Start with a hello world
smali code and dex are inextricably linked. Start with the simplest dex file hello world and learn the structure of the whole dex file
.class public LHelloWorld; .super Ljava/lang/Object; .method public static main([Ljava/lang/String;)V .registers 2 sget-object v0, Ljava/lang/System;->out:Ljava/io/PrintStream; const-string v1, "Hello World!" invoke-virtual {v0, v1}, Ljava/io/PrintStream;->println(Ljava/lang/String;)V return-void .end method
Take the above smali code as an example
D:\Android\tools>java -jar smali.jar -o classes.dex HelloWorld.smali
Then convert the smali code into a dex file and make it into a compressed package named HelloWorld zip
Ensure that the adb and simulator are successfully connected
Then upload the packaged zip file to the simulator
Then execute the dex file, and you can see that Hello World has been successfully printed
Dex file structure
Dex files can be divided into three main blocks:
- Dex header
- Arrays of various data, including string type methods and prototype field methods
- Class data
File header
First, let's look at the header
The total size is 0x70 bytes, and there are four more important fields
- dex_magic: indicates the file ID and characteristic string of the DEX file
- Checksum: checksum, which calculates the 32-bit hash value of the file (from field 3 to the end of the file)

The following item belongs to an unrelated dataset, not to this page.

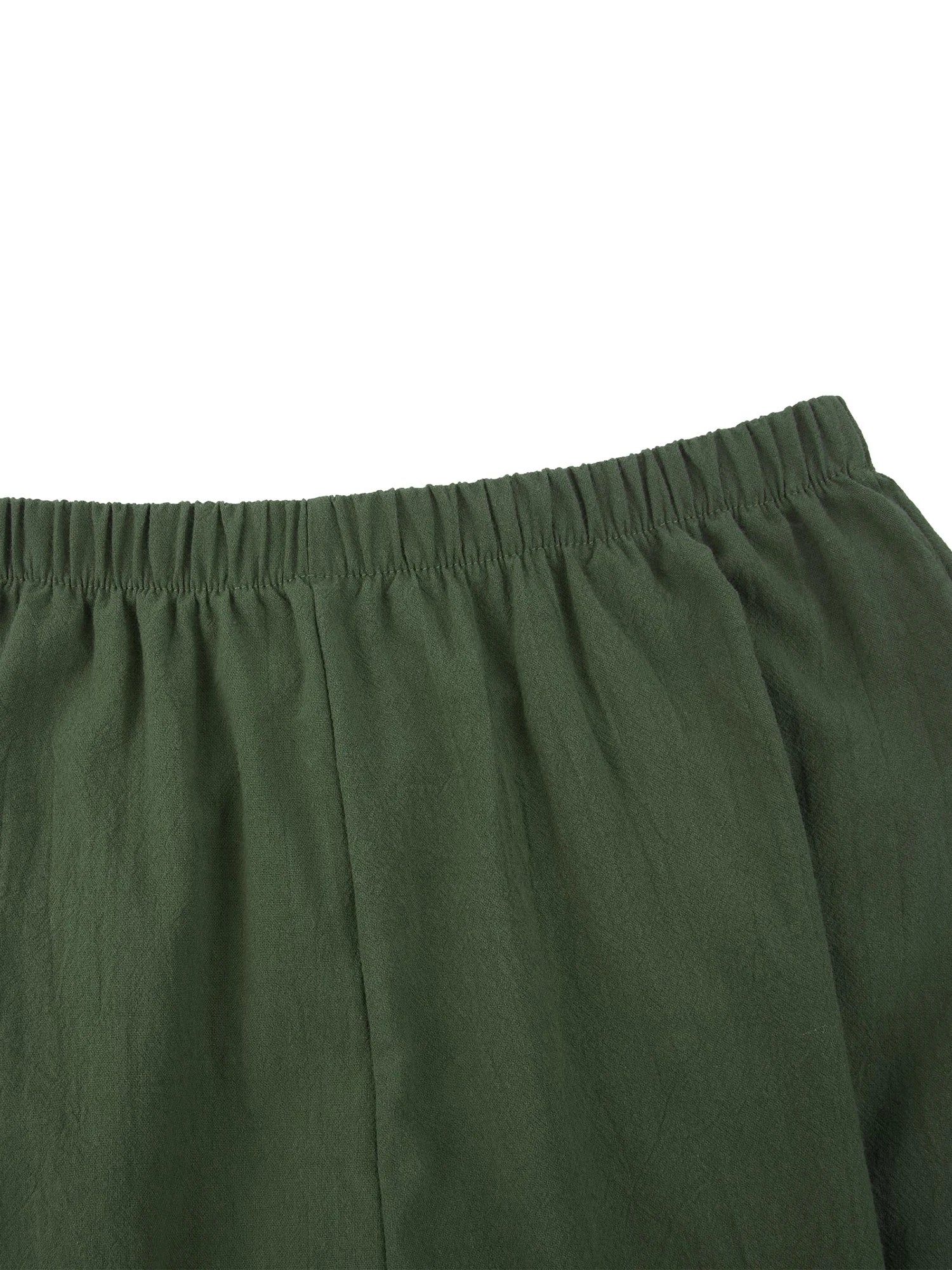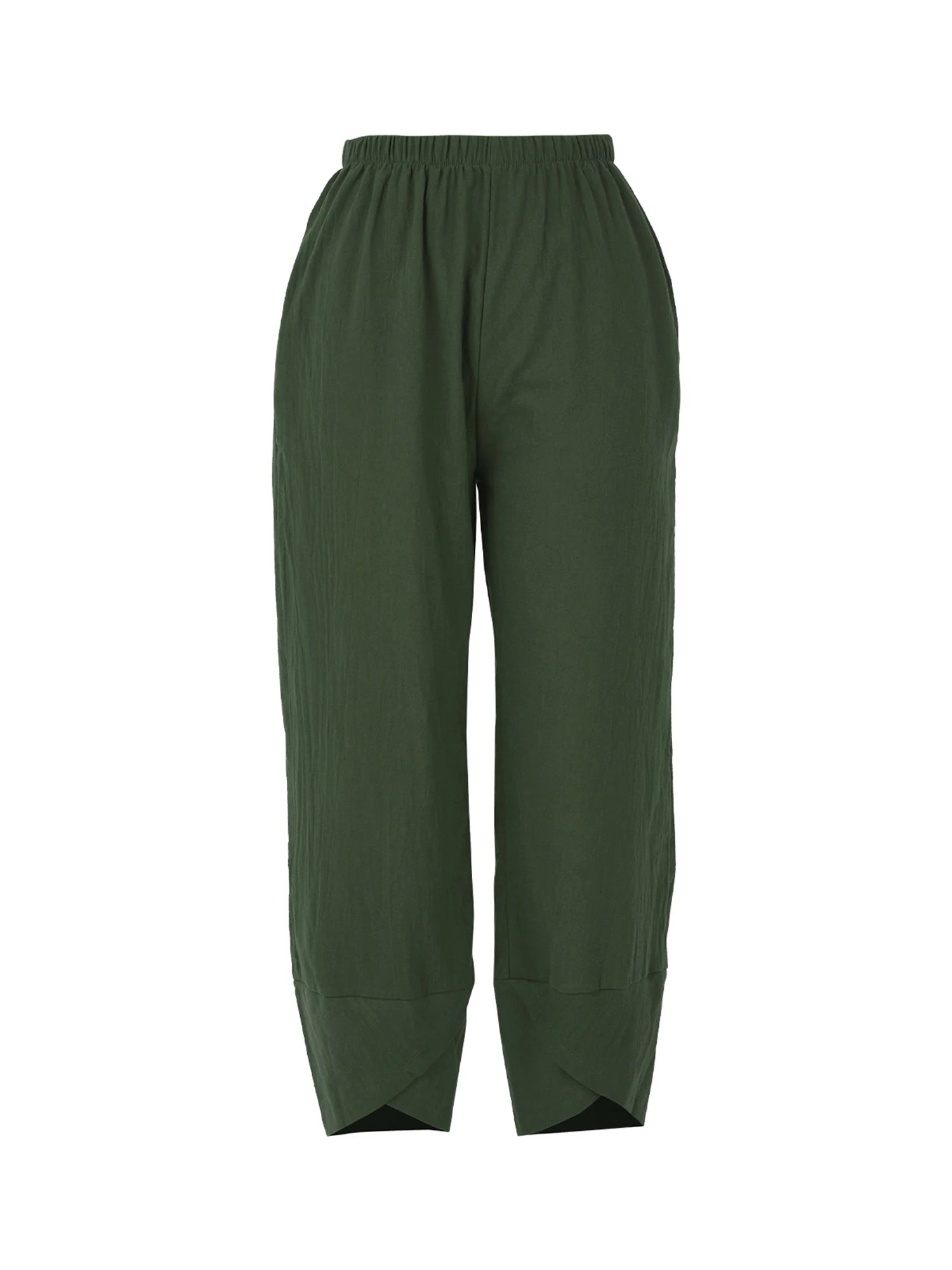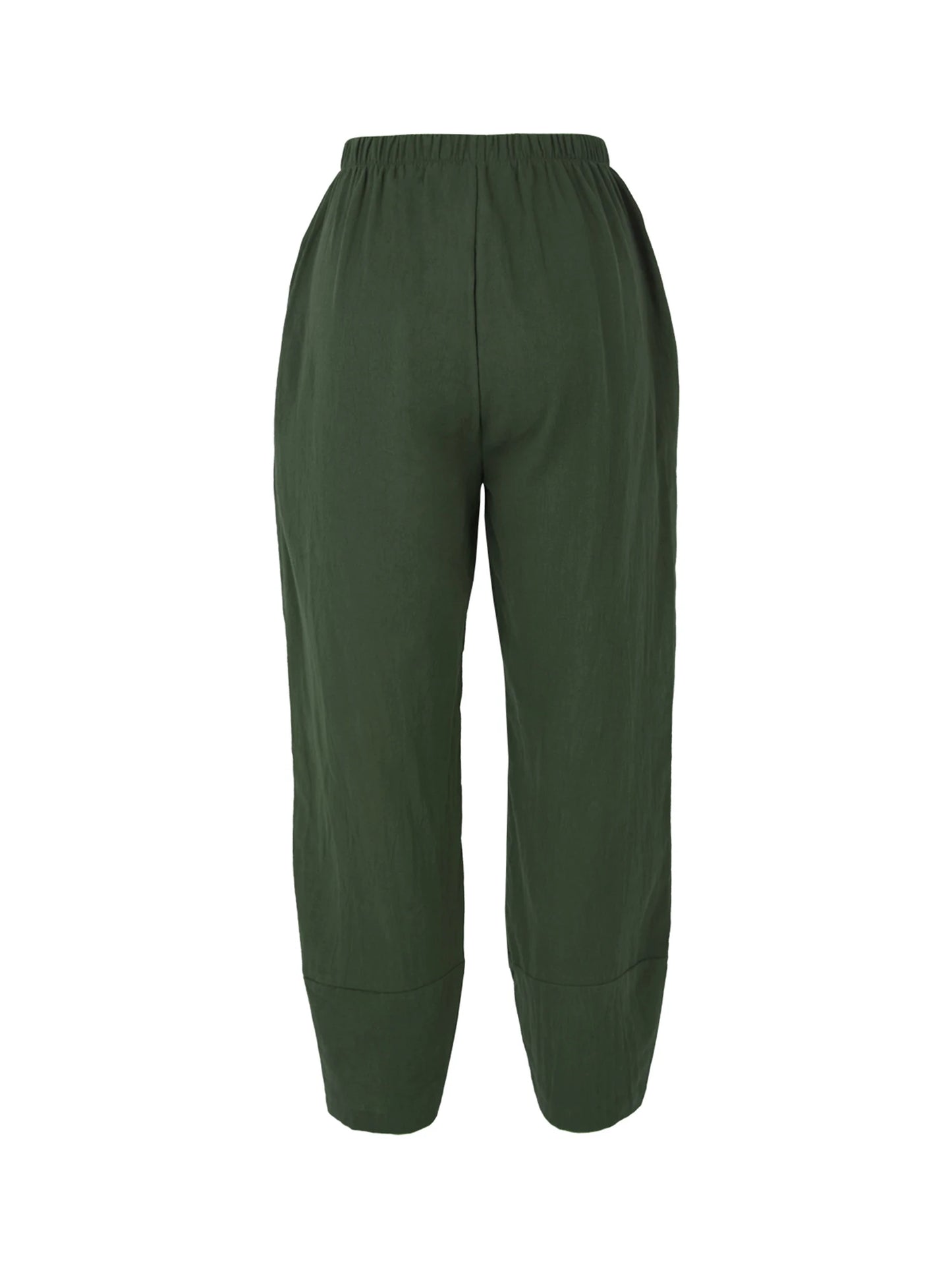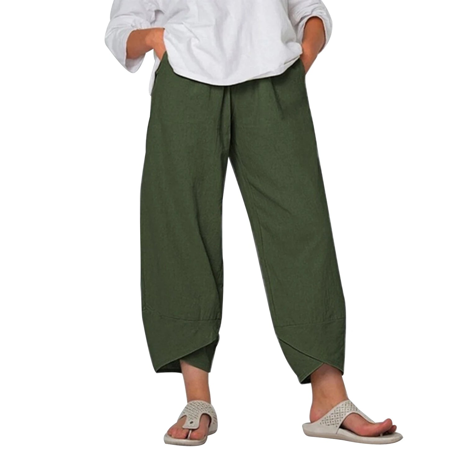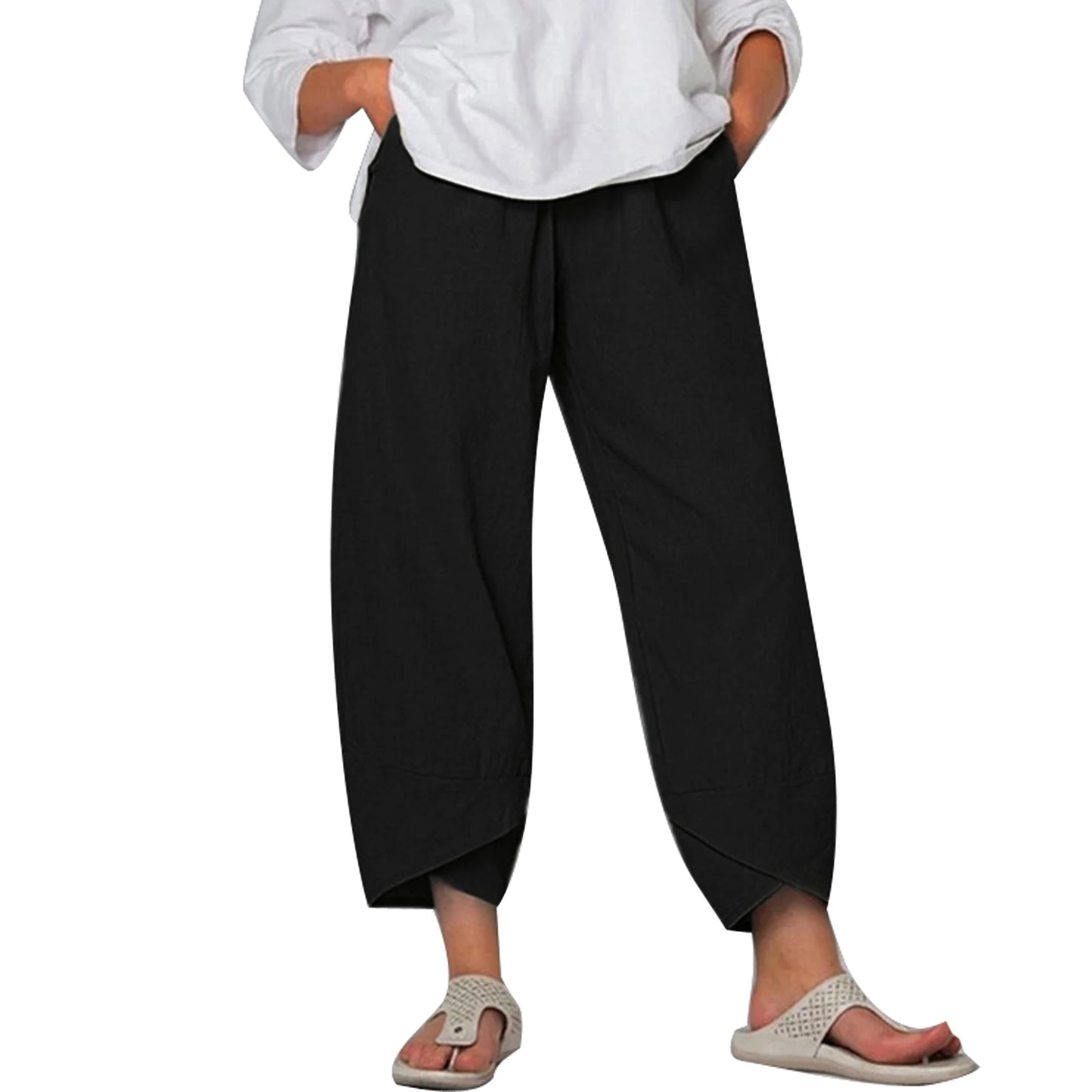 Women Summer Ninth Pants, Solid Color Middle Waist Loose Casual Trousers with Pockets for Girls

- signature: indicates sha1. Hash the file (from field 4 to the end of the file)
- file_size: indicates the file size
In addition to these four fields, there are other fields in the file header
- header_size: dex header size
- endian_tag: data arrangement method - small end method
Size and offset of various tables
- string_ids_size and string_ids_off, the size and offset of the string table
- type_ids_size and type_ids_off, the size and offset of the type table
- proto_ids_size and proto_ids_off, the size and offset of the field table
- class_defs_size and class_defs_off, the size and offset of the class data table
Array of various data
The second part of the dex file is an array of various data, including string type methods, prototype field methods
String table
String table item is the offset of a string data, and the offset points to a string_data structure. string_ There are two fields in the data structure
Field 1: string length. The data type is uleb128. It is a unique variable length data type in Android
Field 2: store data, string ends with 0
Type table
Type table, which stores an index value and points to a string table
For example, an index value of 3 indicates a string. The subscript of 3 in the table points to the string L/java/lang/Object.
Prototype table
The prototype table stores the description information of each part of the function prototype. Including short_idx, return_type_idx, parameters_off, and finally an array subscript pointing to the string table.
Note: the field is the value of the return type (return_type_idx) and is the index in the type table
Field table
It stores field information, including the class where the field is located (class_idx), the type of the field (type_idx), and the name of the field (name_idx).
class_idx is the index in the type table, type_idx is the index in the type table, and the index of the field name is the array subscript of the string
Method table
The method table stores the information of the method, including the class where the method is located (class_dex), the prototype of the method (proto_idx), and the name of the method (name_idx).
Where class_idx is the index of the type table, proto_idx is the index of the prototype table, and the index of the method name (name_idx) is the array subscript of the string table
Class data
Class data is also an array, and each element is the relevant information of a class. The file analyzed now has only one class, so there is only one class information.
Class in table entry_ Data stores class data, including class name index, access attribute, parent class index, interface offset, source code index, annotation offset and class data offset
The data of the whole class is in class_data_item in this structure.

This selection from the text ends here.